These gadgets don’t really have a catchy name; Joanna Stern at the Wall Street Journal refers to them as “lost-item trackers,” which sums them up pretty well. The majority are small tokens, ranging in size from around the size of a quarter to that of a poker chip. They’re simple devices: there’s not much more to them than a battery, a Bluetooth antenna, and maybe a little speaker or a vibration device. Typically they have a loop or some other way to attach them to your keys or wallet or whatever else you need help keeping track of. “Tile seems to be pretty popular, but not enough people know about it. The current version has four out of five stars in the [iOS] App Store. Not bad,” says Bryan Conklin, founder and CEO of Zylo, a company that creates and consults in mobile apps.

The most important part of these devices, as with so much personal technology these days, is the software: in this case, an app for your smartphone. The app shows a list of your trackers, and when you select one, it’ll show you a map of where it might be. The biggest problem: these trackers are so simple they don’t even have GPS in them, which means they’re only useful within the boundaries of Bluetooth —about a hundred feet.

Some, like Tile, offer an unusual kind of crowdsourced assistance. Say you leave your wallet, with a Tile tracker in it, at a coffee shop, and head on home without it. When you leave the shop, you’re moving too far away from the Tile tracker for your phone’s Bluetooth connection to locate it. But if anyone else who uses Tile goes into that coffee shop, that person’s app will connect to your Tile tracker, and upload its location, which you can access. That nice stranger won’t know that your Tile is there, but they’ll have helped you find it. Of course, this only works if a lot of people are using Tile (or TrackR, which works similarly but is not quite as popular).
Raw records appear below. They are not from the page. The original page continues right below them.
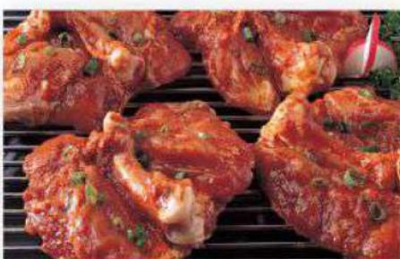
C1. 매운 치킨 Maewun - chicken marinated chicken in hot & spicy sauce (70g/portion)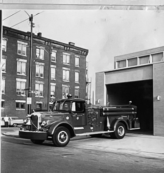
ENG 14 1129 509 W. CHICAGO AVENUE 1954 MACK 1000 GPM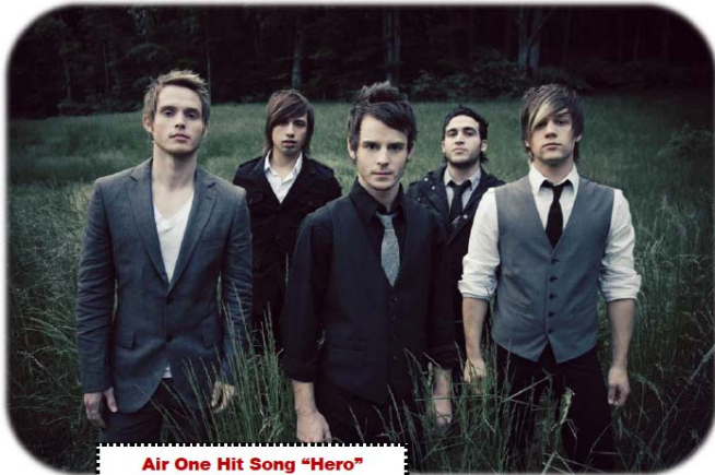
Air One Hit Song "Hero"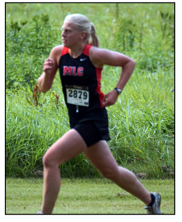
Punzel (LPS) keeps pace (2019)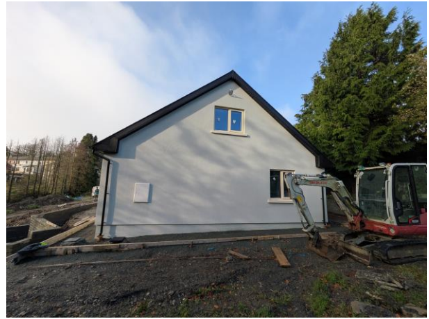
Photograph 2 – Side elevation of dwelling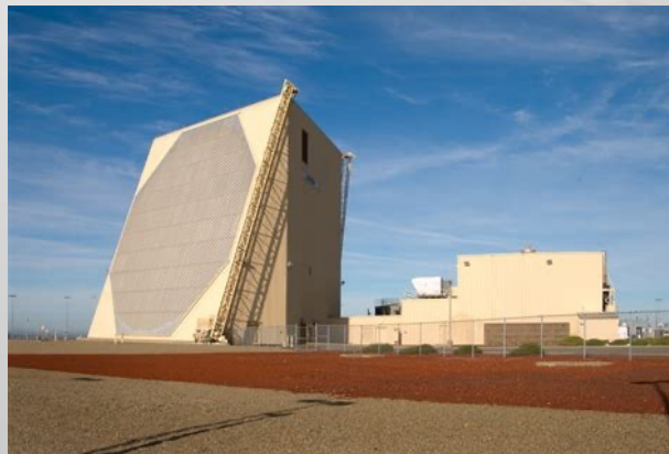
AN/FPS-132 Upgraded Early Warning Radar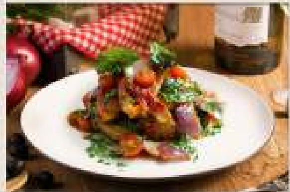
Mediterranean John Dory Fish 99

over sautéed garlic spinach, roasted potato & homemade tomato sauce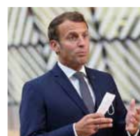
leaders' summit as a guest country at the invitation of

DHAKA : French President Emmanuel Macron will visit Bangladesh on Sunday. It will be the first visit from a French president to the South Asian nation in 33 years. Previously, former French President Mitterrand visited Bangladesh in 1990. Bangladesh's Prime Minister Sheikh Hasina, who left New Delhi for Dhaka after attending the G-20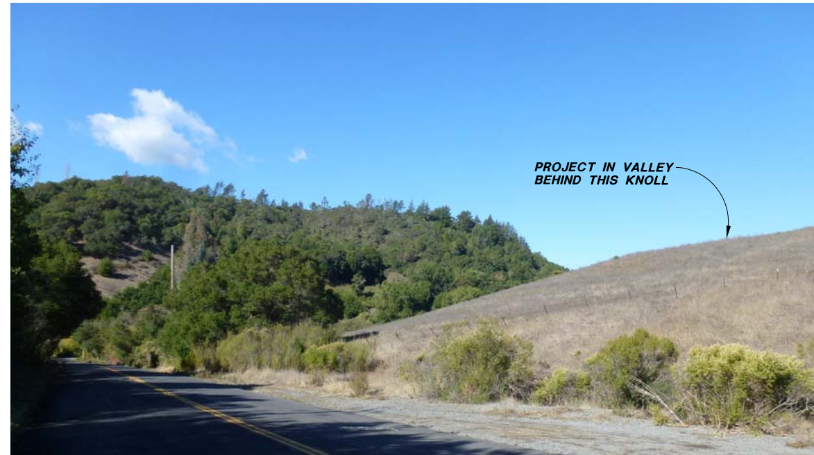
PHOTO 1. EXISTING CONDITION LOOKING WEST ALONG CANYON ROAD TOWARD THE COMMUNITY OF CANYON WITH THE PROPERTY ON THE IMMEDIATE RIGHT (PHOTO 1 - BEFORE DEVELOPMENT)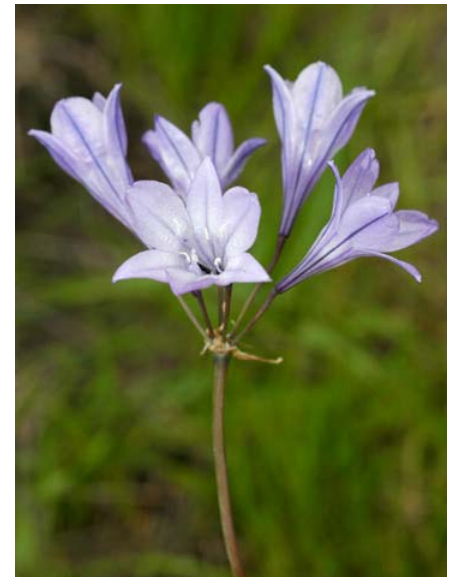
Ithuriel's Spear Triteleia laxa Native Perennial Lily Family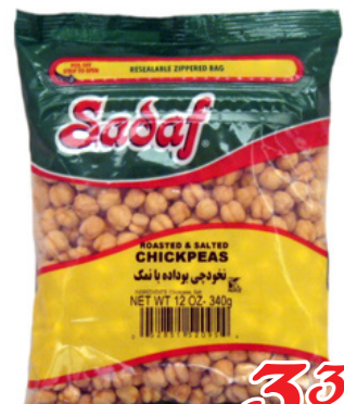
Golden Chickpeas Sadaf 12OZ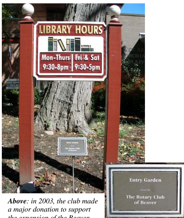
Above: in 2003, the club made a major donation to support the expansion of the Beaver Area Memorial Library.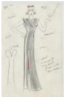
Black Satin Evening Dress with Red and Green Underskirt and Wrapped Yoke (KA0039_V8p32-008)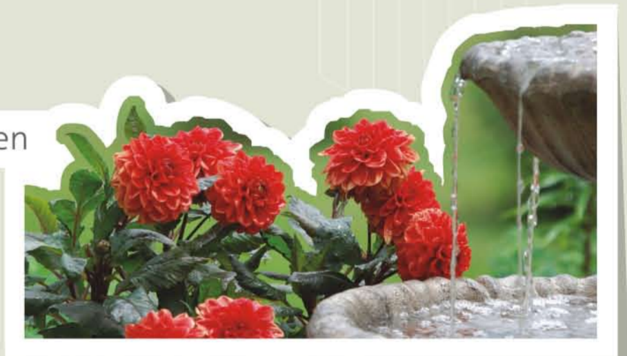
Water Bodies & Garden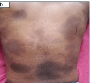
[Table/Fig-7]: a) Extensive erythematous scaly plaques at the back before the initiating secukinumab; b) Post inflammatory hyperpigmented patches in the same patient after completing 5 doses of secukinumab.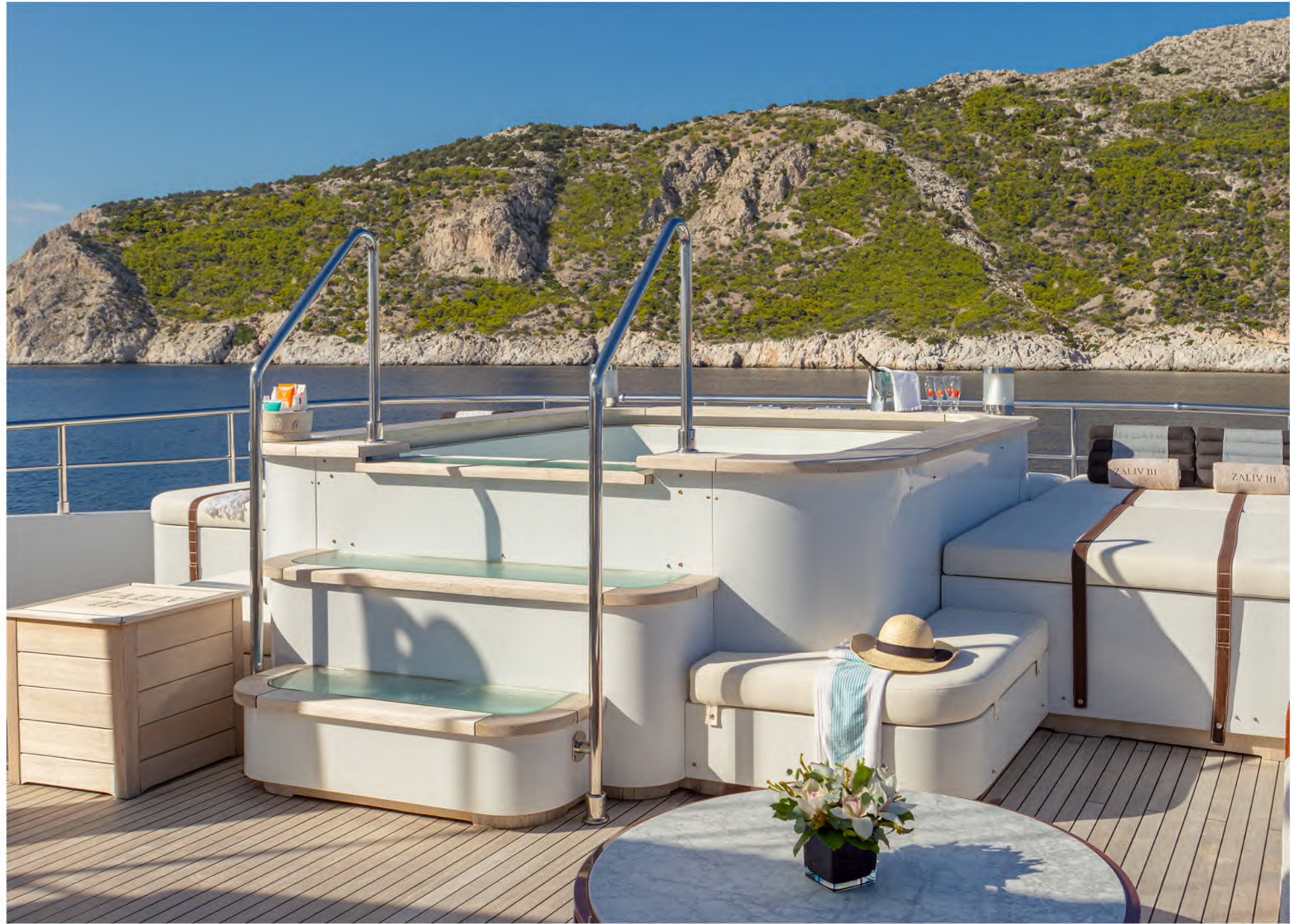
The large jacuzzi is the ultimate place for relaxation providing spectacular views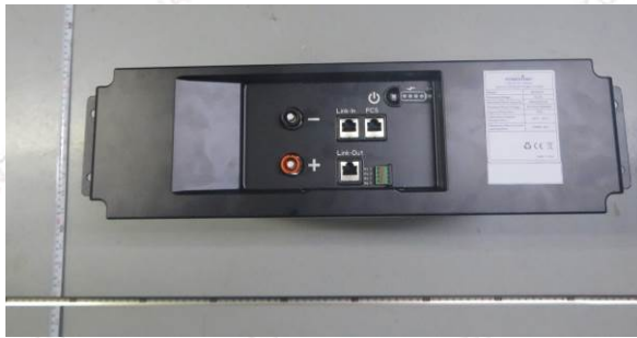
电池正面外观 Battery front appearance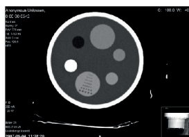
X-ray and MRI transparent

Maximum shrinkage on length: 1% Maximum shrinkage on width: 3% Approved according to European Standard EN 1865 and EN 1789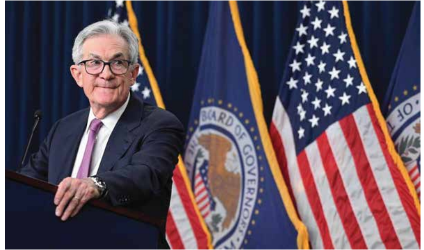
Taking a break: Federal Reserve Board Chairman Jerome Powell speaking at the Federal Reserve in Washington, D.C., on June 14.

U.S. Fed Chairman Jerome Powell said that the central bank is waiting for signs that there has been a decisive slowdown in inflation before it decides on further actions. It should be noted that the Fed began raising interest rates after inflation hit multi-decade highs as the U.S. economy slowed down due to COVID-19 lockdowns and the central bank responded by flooding the economy with dollars. While inflation has dropped from a peak of 9.1% in June last year to 4% in May this year, it is still higher than the Fed's stated target of keeping inflation within 2%. And even though U.S. unemployment has risen slightly to 3.7% in May this year, it has witnessed a steady fall since the highs seen during the pandemic. In other words, the labour market does not seem to be heavily affected by the Fed's rate hikes since last year. Moreover, the effects of monetary policy usually take time to impact prices in the wider economy. So, the Fed may be cautious after a series of ten rate hikes about allowing interest rates to rise too much and too soon. A rapid withdrawal of monetary support can cause prices to

The trackers are best when you lose something close by, like in your own home. The app will tell you, loosely, how far away your tracker and its attached item is, saying “within a few feet” or “about 20 feet away.” It won’t help much with direction, but once you’re close, the tracker can buzz or make some other noise to help you find it.

The latest and one of the most interesting entries in the tracker category is called Where’s Wallet, from a company called MIJLO. After just a few days on Kickstarter, Where’s Wallet reached its funding goal, so it’s clear there’s interest in it. What makes this wallet different is that, instead of having an external device that you stick into a wallet, the wallet is designed from the start to have the sensor built-in. That’s smart: Tile, for example, at around the size of a poker chip, is a fairly large item to have stuffed into a wallet. Without the need to give its sensors a case, MIJLO can make it much smaller and less obtrusive.

Perhaps the biggest challenge in the early stages of these gadgets is device agnosticism. Tile is easily the most popular and established of the category, but right now it’s only compatible with iOS devices like the iPhone and iPad. Android device users are out of luck. But there’s nothing inherent about the technology that would keep it from being available on other platforms. “It's important to make a distinction between the technology that powers these ‘apps and keychain-type gadgets’ and the products themselves,” says Conklin. “The technology is already device-agnostic.” The only thing stopping these devices from supporting Android is the time and effort it takes developers to create a new app for Android. Some of the other gadgets in the category, like Where’s Wallet and Trackr, already support Android, though none seem to be supporting smaller platforms like Windows Phone and BlackBerry.

But as for when, if ever, these devices will be ubiquitous, is a question nobody really knows the answer to yet. Conklin says: “We need standards governing the transaction of location data from these devices that all manufacturers can agree on, and that is what will take time.” He’s right — the fact that all Tile users technically have access to information about the location of all other Tiles is a security issue. But it’s also possible that these devices are just a temporary solution until smartphones render our most commonly lost items — wallets and keys — obsolete.